# I have made this sweater 4 times! It is so much fun and so beautiful when finished!



## gemslady (Feb 15, 2014)

I have given it away as gifts and am about to make another! This time I think I will do white, black & red tulips.


----------



## mopgenorth (Nov 20, 2011)

I'm a fair isle fan too! Gorgeous! Great job!


----------



## trish2222 (May 13, 2012)

Beautiful - a work of art


----------



## gemslady (Feb 15, 2014)

Thank you so much! I love to do this type of sweater because it is so rewarding when you get through. We in "snow country" have gotten a lot of use from them this year!


----------



## Jeanie L (Sep 27, 2011)

So beautiful...


----------



## Kimmielu (Oct 19, 2013)

Beautiful!


----------



## deechilders (Sep 24, 2011)

Lovely!


----------



## grannyfabulous4 (Apr 3, 2012)

Great looking Sweater.


----------



## run4fittness (May 22, 2011)

Gorgeous!


----------



## BarbaraBL (Nov 27, 2013)

Beautiful work!


----------



## simbaroo27 (Jan 23, 2012)

Really beautiful!


----------



## DHobbit (Jan 11, 2014)

ooooooooooooo that be purdy


----------



## grandday (Apr 15, 2011)

Lovely work.


----------



## abc123retired (Nov 1, 2011)

Beautiful! Did you knit the sleeves separately and then join them to finish? I want to learn that method...


----------



## mernie (Mar 20, 2011)

I am so completely impressed to know you did this four times! Wow. My attention span is so bad that I can barely finish one project before getting bored. It is beautiful.


----------



## ssusan (May 3, 2012)

Georgeous.


----------



## gemslady (Feb 15, 2014)

Yes. It is so easy....start at bottom, knit to armhole area...do sleeves and join them at armholes, put all stitches on circular needle and work up to neck while decreasing in raglan area. The pattern is from an old book I have called "North Country" by Bernat...book #195.


----------



## jmewin (Oct 18, 2012)

Very nice work. A piece of art.


----------



## Sue Fish (Mar 12, 2011)

Very pretty


----------



## YoK2tog (Aug 17, 2011)

wow just wow


----------



## bane (Nov 27, 2012)

This is really lovely work. :thumbup:


----------



## Naneast (Jun 12, 2011)

Lovely sweater! :thumbup:


----------



## Frannyward (Mar 22, 2012)

What a fantastic looking sweater.

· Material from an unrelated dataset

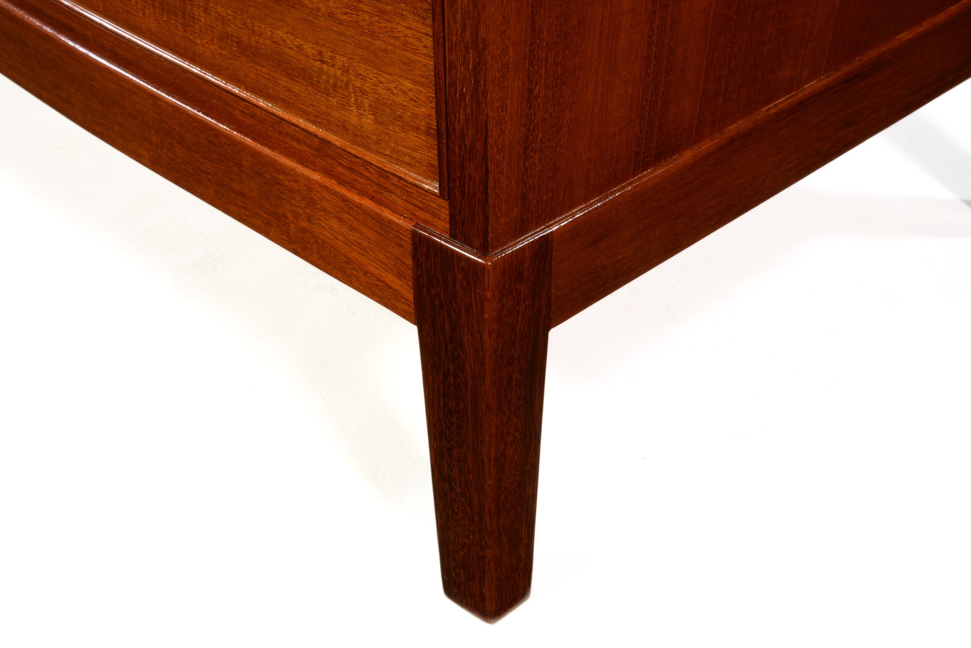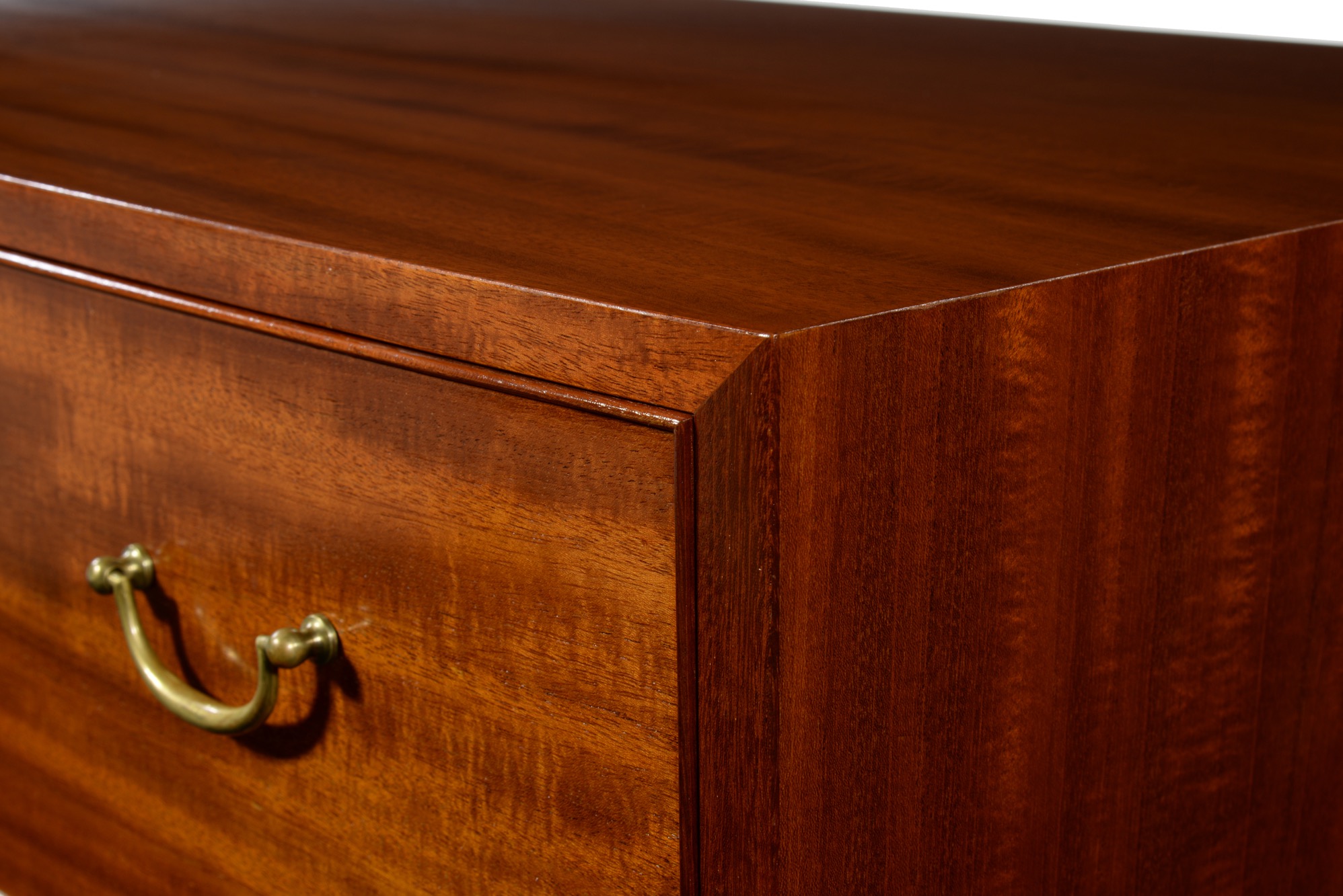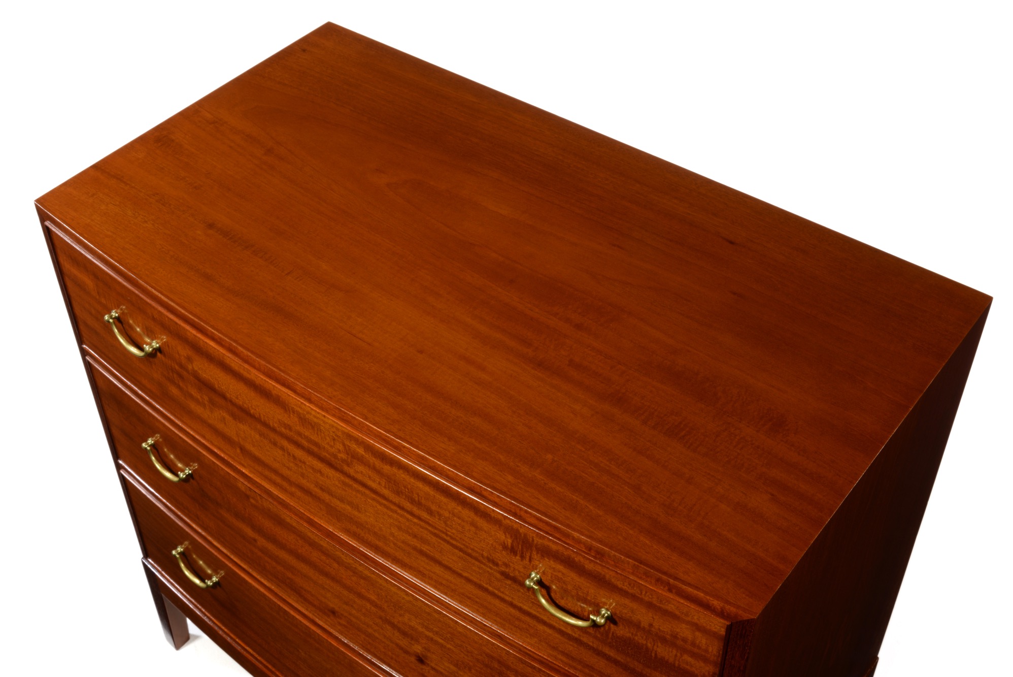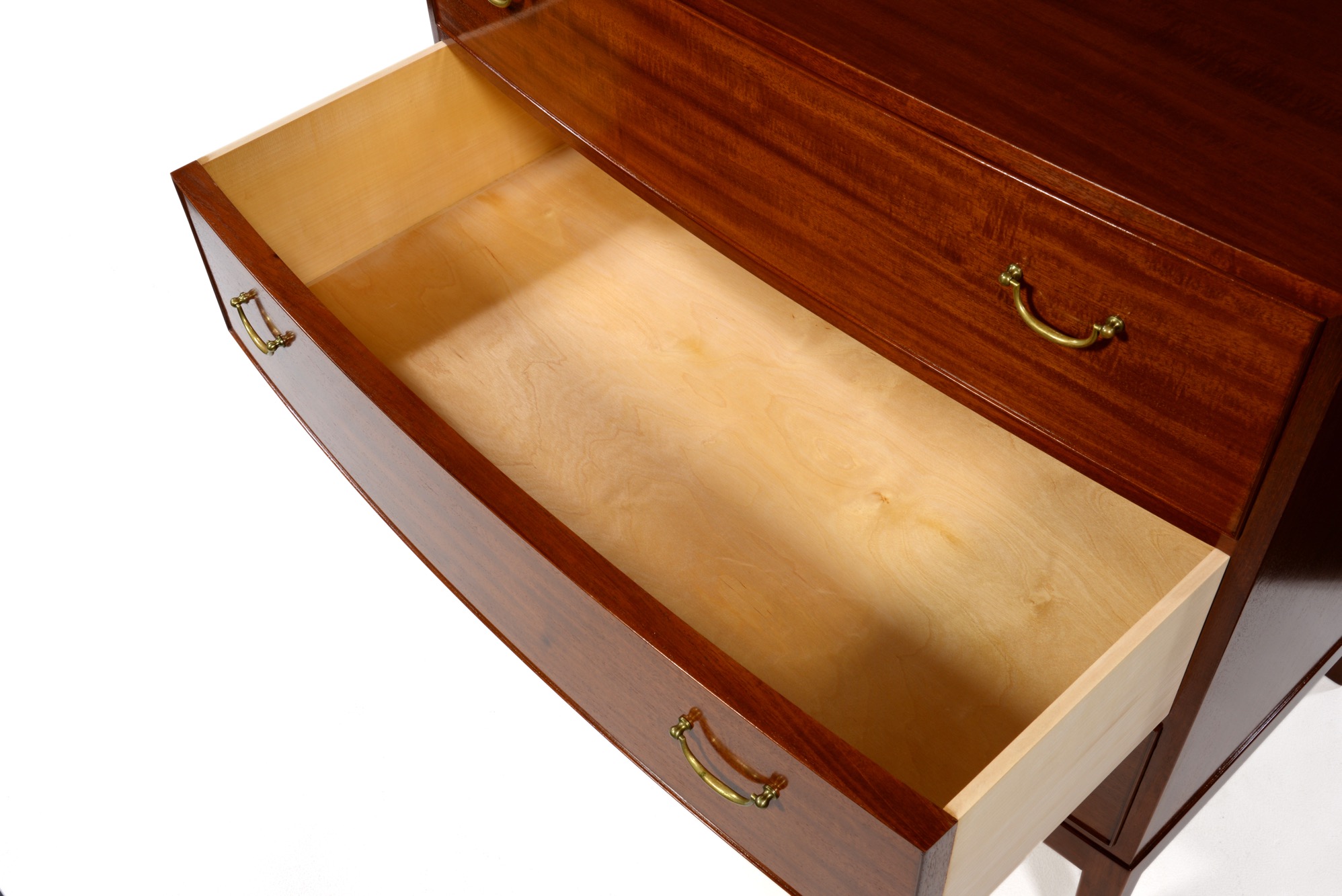 オーレ・ヴァンシャーによるボウフロントチェスト、名工 A.J.イヴァーセンによるものです。1965年に製作されたもので、ホンジュラス産と思しきリボン杢の現れた良質な材が使われています。ハンドルは真鍮製、前面が弓なり(Bow front)に象られた優雅な趣のチェストです。

You are a very talented lady.


----------



## Rosette (Oct 7, 2011)

I really like that.


----------



## dawn1960 (Jan 5, 2014)

Lovely knitting - you're very talented :-D


----------



## willi66 (Aug 30, 2012)

Beautiful! You are a fabulous knitter.


----------



## gemslady (Feb 15, 2014)

Thank you for your lovely compliment. I know making it 4 times is rather rediculous, but I have given 2 of them away. I am about to make it again!!! This time I think I will do white on bottom & top, red tulips and black in the center area. Don't you think that would be stunning? That was how I meant to make it the first time, but did it in lavender & white, then I did pink & white, and next time cream & goldenrod....before I did the red.


----------



## Marge St Pete (Jul 21, 2011)

It's just beautiful !!!! Great job.


----------



## standsalonewolf (Dec 1, 2011)

:thumbup:


----------



## kiwiannie (Jul 30, 2011)

You sweater is stunning,awesome work and colours. :thumbup: :thumbup: :thumbup: :thumbup: :thumbup:


----------



## cpreston1 (Apr 23, 2011)

i love fair isle your is great


----------



## Nana Mc (May 31, 2013)

WOW! I love the red.


----------



## harter0310 (Nov 13, 2012)

That is beautiful!


----------



## lildeb2 (Jul 14, 2013)

That is so pretty. Beautiful work.


----------



## Marileen (Apr 4, 2013)

Very beautiful sweater Gemslady :-D :thumbup:


----------



## perrie (May 22, 2011)

Wow that is awesome


----------



## judyr (Feb 20, 2011)

gemslady said:


> Thank you so much! I love to do this type of sweater because it is so rewarding when you get through. We in "snow country" have gotten a lot of use from them this year!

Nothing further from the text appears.